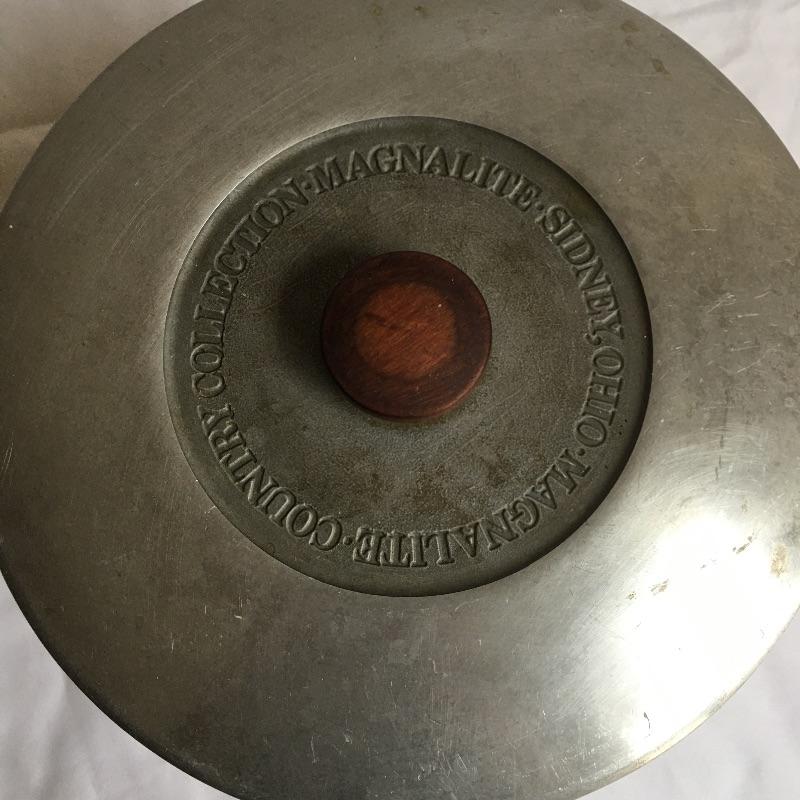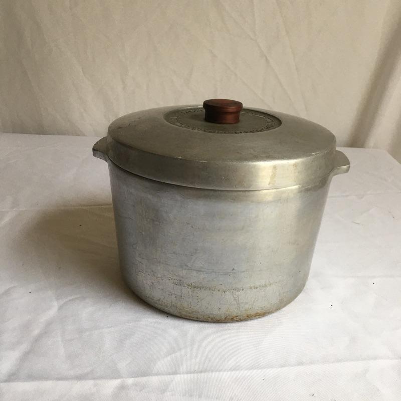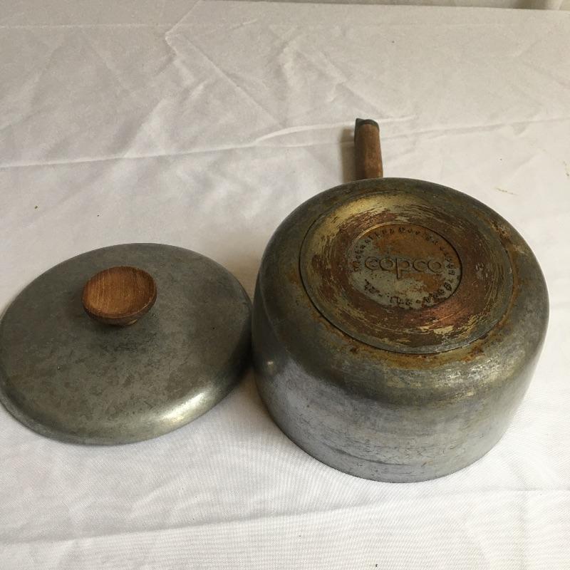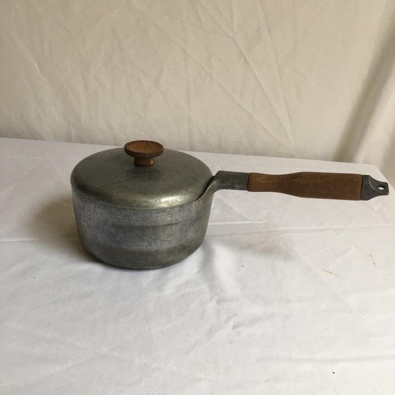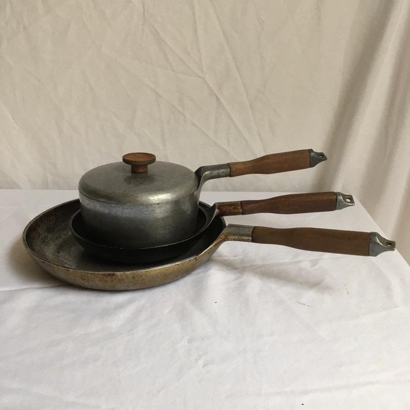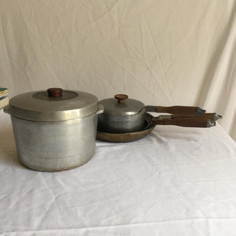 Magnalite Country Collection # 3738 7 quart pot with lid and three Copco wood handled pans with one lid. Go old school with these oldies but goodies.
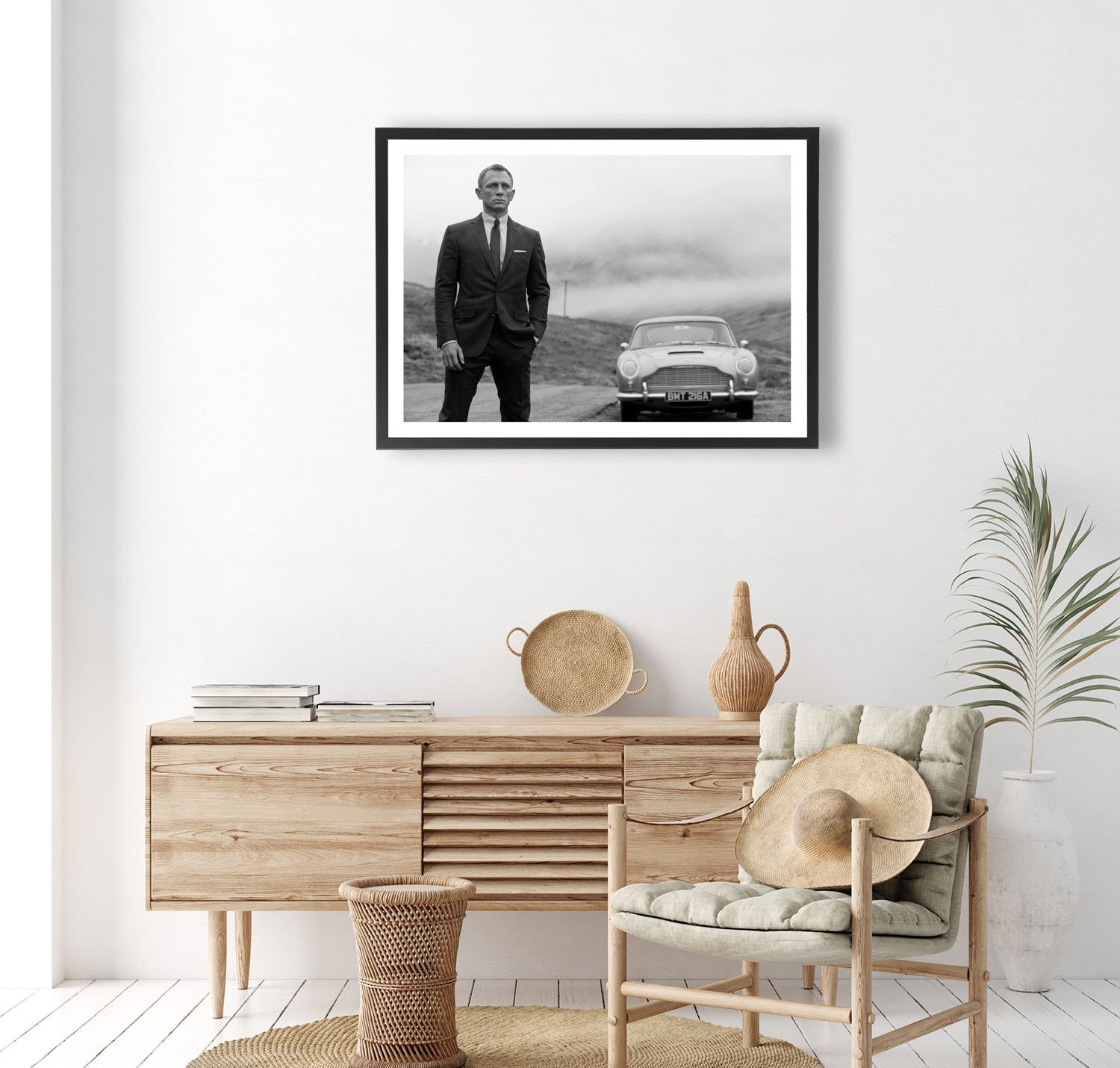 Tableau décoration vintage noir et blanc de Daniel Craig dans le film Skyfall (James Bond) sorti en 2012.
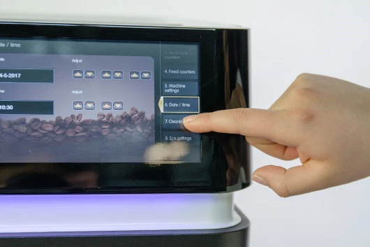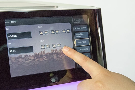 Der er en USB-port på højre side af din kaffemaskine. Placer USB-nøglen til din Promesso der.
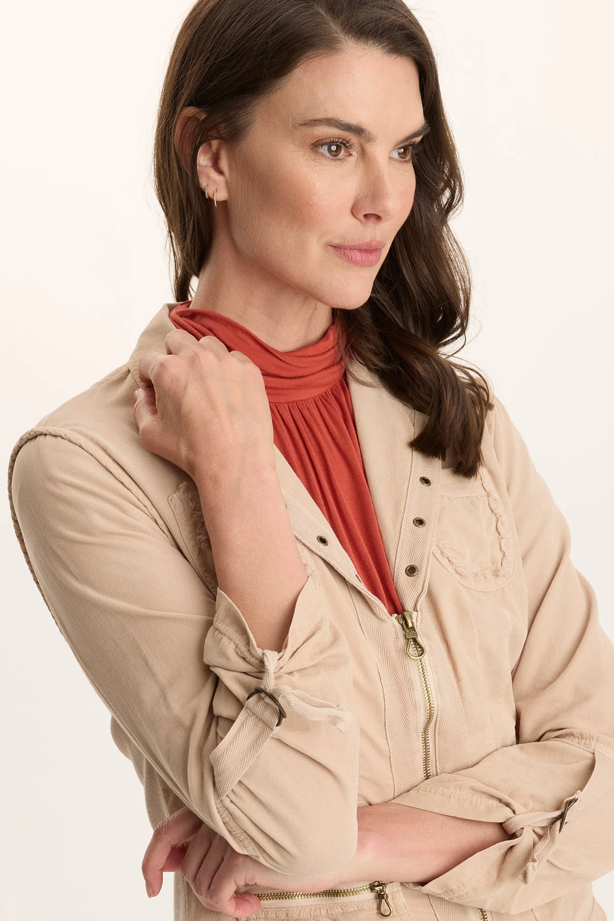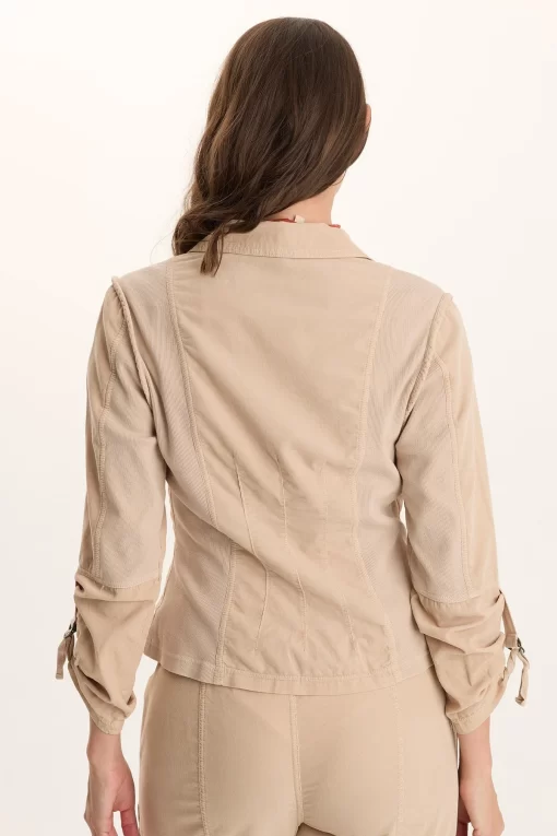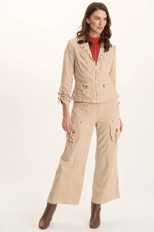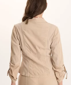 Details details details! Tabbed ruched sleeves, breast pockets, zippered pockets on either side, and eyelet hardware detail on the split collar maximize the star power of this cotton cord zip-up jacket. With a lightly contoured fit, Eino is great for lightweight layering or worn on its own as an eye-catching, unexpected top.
* * *
Repeat the listing above up to and including the line with "Tableau décoration vintage", starting from its first line. Drop any pictures.

### [ANSWER SECTION]
 Magnalite Country Collection # 3738 7 quart pot with lid and three Copco wood handled pans with one lid. Go old school with these oldies but goodies.
 Tableau décoration vintage noir et blanc de Daniel Craig dans le film Skyfall (James Bond) sorti en 2012.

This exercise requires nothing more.